Records from a collection:
********
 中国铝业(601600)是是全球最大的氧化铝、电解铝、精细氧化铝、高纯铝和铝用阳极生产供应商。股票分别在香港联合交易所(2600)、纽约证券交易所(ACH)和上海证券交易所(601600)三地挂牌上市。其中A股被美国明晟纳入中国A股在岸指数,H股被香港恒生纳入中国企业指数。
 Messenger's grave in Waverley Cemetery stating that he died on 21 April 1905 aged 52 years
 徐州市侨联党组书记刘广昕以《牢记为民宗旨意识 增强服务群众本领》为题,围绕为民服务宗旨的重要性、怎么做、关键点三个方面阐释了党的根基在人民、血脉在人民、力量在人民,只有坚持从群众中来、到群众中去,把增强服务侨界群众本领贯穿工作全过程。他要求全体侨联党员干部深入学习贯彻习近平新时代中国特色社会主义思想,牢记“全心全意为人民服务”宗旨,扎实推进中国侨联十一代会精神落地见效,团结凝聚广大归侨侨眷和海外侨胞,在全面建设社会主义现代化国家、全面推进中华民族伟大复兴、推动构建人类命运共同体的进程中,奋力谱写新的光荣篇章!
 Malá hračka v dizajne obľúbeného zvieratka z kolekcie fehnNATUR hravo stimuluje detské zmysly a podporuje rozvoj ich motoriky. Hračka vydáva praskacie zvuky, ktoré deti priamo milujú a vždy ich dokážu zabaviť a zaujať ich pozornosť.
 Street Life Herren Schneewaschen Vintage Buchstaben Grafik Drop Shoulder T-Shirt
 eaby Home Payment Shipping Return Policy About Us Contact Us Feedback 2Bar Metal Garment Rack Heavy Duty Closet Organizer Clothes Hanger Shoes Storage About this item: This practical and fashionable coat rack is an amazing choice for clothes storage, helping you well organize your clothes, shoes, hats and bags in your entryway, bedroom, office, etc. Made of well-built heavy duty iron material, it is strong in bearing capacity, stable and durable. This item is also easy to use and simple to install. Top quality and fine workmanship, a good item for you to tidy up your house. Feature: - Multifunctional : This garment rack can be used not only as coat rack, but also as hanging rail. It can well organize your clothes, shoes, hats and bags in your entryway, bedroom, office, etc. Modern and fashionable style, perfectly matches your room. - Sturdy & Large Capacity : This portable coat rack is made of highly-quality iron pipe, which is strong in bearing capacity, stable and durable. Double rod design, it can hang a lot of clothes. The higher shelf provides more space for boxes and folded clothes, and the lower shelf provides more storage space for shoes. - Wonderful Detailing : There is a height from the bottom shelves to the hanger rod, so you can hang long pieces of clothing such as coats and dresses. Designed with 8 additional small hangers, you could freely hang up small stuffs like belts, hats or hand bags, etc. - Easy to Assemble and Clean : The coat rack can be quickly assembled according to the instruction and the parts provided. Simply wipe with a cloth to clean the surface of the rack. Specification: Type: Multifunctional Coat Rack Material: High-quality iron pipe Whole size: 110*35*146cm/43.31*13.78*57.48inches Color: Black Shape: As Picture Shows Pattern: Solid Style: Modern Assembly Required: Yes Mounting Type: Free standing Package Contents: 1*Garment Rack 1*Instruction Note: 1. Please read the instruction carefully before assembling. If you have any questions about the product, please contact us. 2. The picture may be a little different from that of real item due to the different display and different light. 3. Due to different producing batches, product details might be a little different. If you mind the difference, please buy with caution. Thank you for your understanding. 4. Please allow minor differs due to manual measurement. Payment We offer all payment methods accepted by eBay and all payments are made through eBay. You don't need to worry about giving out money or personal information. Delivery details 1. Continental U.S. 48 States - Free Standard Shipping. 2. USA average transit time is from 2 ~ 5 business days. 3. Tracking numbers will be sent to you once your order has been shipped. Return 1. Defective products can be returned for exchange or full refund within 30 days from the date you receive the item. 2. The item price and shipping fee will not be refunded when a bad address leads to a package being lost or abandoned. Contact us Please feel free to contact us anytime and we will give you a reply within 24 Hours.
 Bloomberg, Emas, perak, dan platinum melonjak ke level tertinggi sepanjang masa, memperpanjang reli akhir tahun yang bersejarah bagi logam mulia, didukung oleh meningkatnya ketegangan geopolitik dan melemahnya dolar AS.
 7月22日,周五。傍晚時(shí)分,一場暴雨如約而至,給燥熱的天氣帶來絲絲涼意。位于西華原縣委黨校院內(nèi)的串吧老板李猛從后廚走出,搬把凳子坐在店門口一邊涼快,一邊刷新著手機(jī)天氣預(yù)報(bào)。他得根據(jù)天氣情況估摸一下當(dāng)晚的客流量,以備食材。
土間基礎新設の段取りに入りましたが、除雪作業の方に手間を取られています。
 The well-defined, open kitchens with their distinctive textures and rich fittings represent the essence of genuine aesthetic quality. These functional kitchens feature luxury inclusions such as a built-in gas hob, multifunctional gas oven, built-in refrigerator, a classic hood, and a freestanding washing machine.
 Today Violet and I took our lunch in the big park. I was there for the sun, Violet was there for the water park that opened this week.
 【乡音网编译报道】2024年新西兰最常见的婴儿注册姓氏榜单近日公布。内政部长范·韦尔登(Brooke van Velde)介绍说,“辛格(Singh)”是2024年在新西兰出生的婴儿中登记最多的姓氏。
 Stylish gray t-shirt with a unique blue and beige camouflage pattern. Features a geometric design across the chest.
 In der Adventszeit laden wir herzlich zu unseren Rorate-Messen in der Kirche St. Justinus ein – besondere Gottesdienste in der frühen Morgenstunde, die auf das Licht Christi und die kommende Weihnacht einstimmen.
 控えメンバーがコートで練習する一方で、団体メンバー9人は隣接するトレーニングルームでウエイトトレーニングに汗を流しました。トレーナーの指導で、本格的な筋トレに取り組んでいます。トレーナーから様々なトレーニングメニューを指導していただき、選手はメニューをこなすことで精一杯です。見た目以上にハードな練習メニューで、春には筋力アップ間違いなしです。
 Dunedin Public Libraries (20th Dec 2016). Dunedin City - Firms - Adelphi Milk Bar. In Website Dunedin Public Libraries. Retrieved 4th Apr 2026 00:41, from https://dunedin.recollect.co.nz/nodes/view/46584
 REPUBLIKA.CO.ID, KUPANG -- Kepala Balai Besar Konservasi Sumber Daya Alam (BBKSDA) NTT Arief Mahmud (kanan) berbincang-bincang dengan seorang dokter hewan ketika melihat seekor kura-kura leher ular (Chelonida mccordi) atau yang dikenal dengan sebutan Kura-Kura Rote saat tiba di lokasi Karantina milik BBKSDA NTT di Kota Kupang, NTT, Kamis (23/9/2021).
********
- _Required action_: Reproduce, character for character, only the lines of the preceding data that start at the line with "The well-defined, open" and end at the line with "In der Adventszeit", both included.

- _Exercise output_:
 The well-defined, open kitchens with their distinctive textures and rich fittings represent the essence of genuine aesthetic quality. These functional kitchens feature luxury inclusions such as a built-in gas hob, multifunctional gas oven, built-in refrigerator, a classic hood, and a freestanding washing machine.
 Today Violet and I took our lunch in the big park. I was there for the sun, Violet was there for the water park that opened this week.
 【乡音网编译报道】2024年新西兰最常见的婴儿注册姓氏榜单近日公布。内政部长范·韦尔登(Brooke van Velde)介绍说,“辛格(Singh)”是2024年在新西兰出生的婴儿中登记最多的姓氏。
 Stylish gray t-shirt with a unique blue and beige camouflage pattern. Features a geometric design across the chest.
 In der Adventszeit laden wir herzlich zu unseren Rorate-Messen in der Kirche St. Justinus ein – besondere Gottesdienste in der frühen Morgenstunde, die auf das Licht Christi und die kommende Weihnacht einstimmen.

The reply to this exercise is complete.